В лаборатории работали два инженера из заключенных, их приводил и уводил конвой, и Серафим боялся с ними заговорить. Они спрашивали только деловое – результат анализа или пробы, – он им отвечал, отводя глаза в сторону. Серафима напугали на этот счет еще в Москве при найме на Дальний Север, сказали, что там опасные государственные преступники, и Серафим боялся принести даже кусок сахару или белого хлеба своим товарищам по работе. За ним, впрочем, следил заведующий лабораторией Пресняков, комсомолец, растерявшийся от собственного необычайно высокого жалованья и высокой должности сразу после окончания института. Главной своей обязанностью он считал политконтроль за своими сотрудниками (а может быть, только этого от него и требовали), и заключенными, и вольнонаемными.

Серафим был постарше своего заведующего, но послушно выполнял все, что тот приказывал в смысле пресловутой бдительности и осмотрительности.

За год он и десятком слов на посторонние темы не обменялся с заключенными инженерами.

С дневальным же и ночным сторожем Серафим и вовсе ничего не говорил.

Через каждые шесть месяцев оклад договорника-северянина увеличивался на десять процентов. После получения второй надбавки Серафим выпросил себе поездку в соседний поселок, всего за сто километров, – что-нибудь купить, сходить в кино, пообедать в настоящей столовой, «посмотреть на баб», побриться в парикмахерской.

Серафим взобрался в кузов грузовика, поднял воротник, закутался поплотнее, и машина помчалась.

Через часа полтора машина остановилась у какого-то домика. Серафим слез и сощурился от весеннего резкого света.

Два человека с винтовками стояли перед Серафимом.

– Документы!

Серафим полез в карман пиджака и похолодел – паспорт он забыл дома. И, как назло, никакой бумажки, удостоверяющей его личность. Ничего, кроме анализа воздуха с шахты. Серафиму велели идти в избу.

Машина уехала.

Небритый, коротко стриженный Серафим не внушал доверия начальнику.

– Откуда бежал?

– Ниоткуда…

Внезапная затрещина свалила Серафима с ног.

– Отвечать, как полагается!

– Да я буду жаловаться! – завопил Серафим.

– Ах, ты будешь жаловаться? Эй, Семен!

Семен прицелился и гимнастическим жестом привычно и ловко ударил ногой в солнечное сплетение Серафиму.

Серафим охнул и потерял сознание.

Смутно он помнил, как его куда-то волокли прямо по дороге, он потерял шапку. Зазвенел замок, скрипнула дверь, и солдаты вбросили Серафима в какой-то вонючий, но теплый сарай.

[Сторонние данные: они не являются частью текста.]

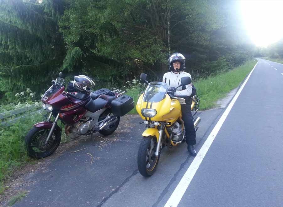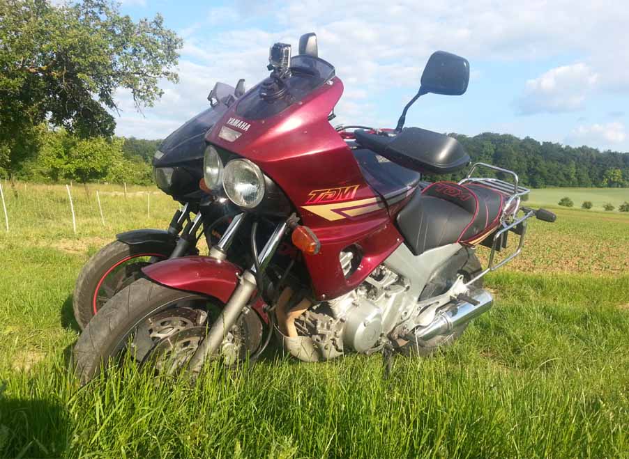 Seit Ende Februar bin ich glücklicher Besitzer einer "neueren" TDM. Leider hatte dies einen kleinen Unfallschaden ( Auffahrunfall - Gabel / Felge / untere Gabelbrücke defekt). Konnte alle defekten Teile von meiner Alten abbauen und wieder montieren. Wärend der "Standzeit" wurde gleichzeitig der Vergaser von Topham überholt und die Sitzbank aufgepolstert. Außerdem wurden neue CRA2 Evo (Hammer Reifen!) aufgezogen. Weiteres Zubehör welche angebaut wurde: LSL Touring-Lenker, Navihalterung (selbstbau), BMW Handprotektoren und eine KEDO Kombininstrument. Nach 2 Monaten konnte es pünktlich zum Saisonstart losgehen. Nun konnte ich schon 3500 km ohne Probleme abspulen (läuft echt super die Kiste).

Через несколько часов Серафим отдышался и понял, что он находится в изоляторе, куда собирали всех беглецов и штрафников – заключенных поселка.

– Табак есть? – спросил кто-то из темноты.

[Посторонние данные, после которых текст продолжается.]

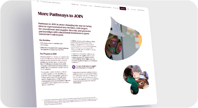 69 The Hershey Company | 2021 ESG Report The Big Picture Our Company Cocoa Responsible Sourcing and Human Rights Environment Our People Youth Community About This Report Our People More Pathways to JOIN Pathways to JOIN is about changing the way we bring diverse representation into Hershey, with targets for recruitment and supplier diversity and powerful partnerships with educational institutions to grow tomorrow’s talent pool. Our Ambition In addition, we set a goal to achieve a college recruiting portfolio that is at least 50% • 50% diverse slate of candidates and diverse. To ensure we meet this, we added interviewers. 23 HBCUs and HSIs to our roster of universities • $400 million in spend with diverse businesses and schools that we recruit from. In 2021, throughout our supply chain by 2030. HBCUs and HSIs constituted 47% of our core universities/schools. Our Progress in 2021 To advance DEI beyond our workforce, we established a new supplier diversity goal to Our goal commits us to having a candidate slate increase our spend with diverse suppliers that is 50% diverse for every externally sourced to $400 million by 2030, helping promote role before we interview. In addition, we now economic equality and opportunity for diverse require our interview teams to consist of at 1 businesses. least 50% diverse employees. During 2021, we began to fully implement new practices to For more details about our supplier amplify diverse recruitment initiatives to meet diversity program, see page 70. these ambitions. For example, to aid in developing a diverse Going forward, our focus continues to be on candidate pipeline, we are expanding our eliminating barriers to employment to build a work with diverse-owned talent search firms, team and supply chain that is as diverse from setting a goal to have 30% of total search top to bottom as our consumer base. This is volume completed by such firms. We are more than an aspiration for us — it is a business extremely pleased to report that 41% of all talent imperative and a mandate from our CEO acquisition search volume in 2021 was led by Michele Buck. diverse-owned firms. 1 Diverse spend includes formal industry-recognized certification and self-certification, and Tier 1 and Tier 2 spend with U.S.-based suppliers. Diverse suppliers refers to businesses that are 51% owned, managed and controlled by women and/or Black, Hispanic, Asian, Indigenous, U.S. military veteran, LGBTQ+ and disabled persons, or other individuals that qualify as socio-economically disadvantaged.

– Нет. Я некурящий, – виновато сказал Серафим.

– Ну и дурак. Есть у него что-нибудь?

– Нет, ничего. После этих бакланов разве что останется?

Серафим с величайшим усилием сообразил, что речь идет о нем, а «бакланами», очевидно, называют конвоиров за их жадность и всеядность.

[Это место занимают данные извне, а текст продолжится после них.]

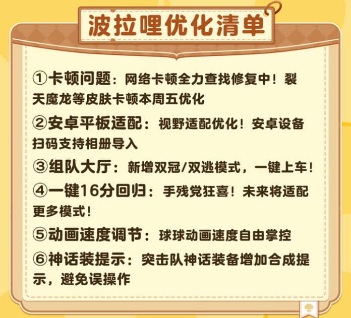 在之前发布的“策划超听劝”特别视频中,针对评论区“将一键十六分改为永久技能”“取消技能冷却时间”等热议提议,策划表示:“我们正在探索技巧系统的长期运营方案,未来这些快捷操作会适配更多玩法模式。” 此番回应让球宝们非常期待,不少球宝留言呼吁在“星际逃亡”“极限大逃杀”等玩法中加入技巧适配。
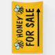 Honig zum Verkauf Bannerzeichen für Imker. Enthält den Pfeil für die Wegbeschreibung. Pfeildrehen für links oder rechte Richtung. Verkaufen Sie Honig und verwandte Produkte aus eigener Bibliothek, Garten, Zuhause, Bauernhof, Markt, Geschäft, Lebensmittelgeschäft, Büro, Unternehmen, Geschäfte, Haustiere etc. Einfache, auffällige Wegbeschilderung mit Hummellogo und gelber Hintergrundfarbe. Marketing aus Bienenzucht

– У меня были деньги, – сказал Серафим.

– Вот именно «были».

Серафим обрадовался и замолчал. Он взял с собой в поездку две тысячи рублей, и, слава богу, эти деньги изъяты и хранятся у конвоя. Все скоро выяснится, и Серафима освободят и вернут ему деньги. Серафим повеселел.

«Надо будет дать сотню конвоирам, – подумал он, – за хранение». Впрочем, за что давать? За то, что они его избили?

В тесной избушке без всяких окон, где единственный доступ воздуха был через входную дверь и обросшие льдом щели в стенах, лежали прямо на земле человек двадцать.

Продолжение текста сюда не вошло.